Austrian electronic project EGGER has been building a very specific kind of world across his first three singles. Wolfgang Egger‘s debut, “Strange Behaviour”, drew on Kraftwerk and early John Foxx to explore technology’s creeping unease. The follow-up, “The People”, pushed the energy up while keeping the minimalist bones intact. “I Breathe”, released at the start of May, turns the focus inward entirely – and in doing so, might be the most fully realised thing he’s put out yet.
The minimal sound is here almost eerie; it’s meditative, sure, but in a Kubrick character going mad kind of meditative, and I mean that as a compliment because to elicit that kind of imagery is no small feat. The distorted oscillating bass keeps rising and falling in this pulsating fashion, like controlled tension in a sick experiment, or like the interior walls of the mind closing in and out.
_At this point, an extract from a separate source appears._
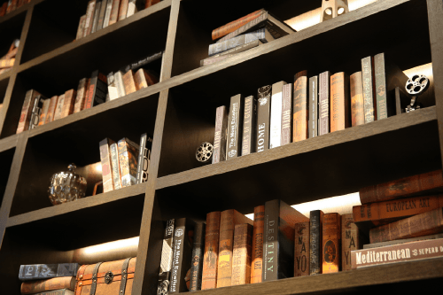 アンティーク調のソファや本棚に女性デザイナーのこだわりが

I would say this minimal approach is more psychedelic and stimulating than other songs that claim to be psychedelic when, in reality, they just throw everything but the kitchen sink and hope it sticks.
The line “Life – no goal, just direction” lands differently when the production around it is this stripped back. There’s nowhere to hide in a mix this sparse, which means the philosophical weight either earns its place or collapses. Here it earns it. For a project still only three singles deep, EGGER has established an unusually coherent identity – dark, precise, and genuinely interested in what electronic music can carry lyrically. “I Breathe” is the best proof of that so far. My only complaint about the song is that it’s not long enough.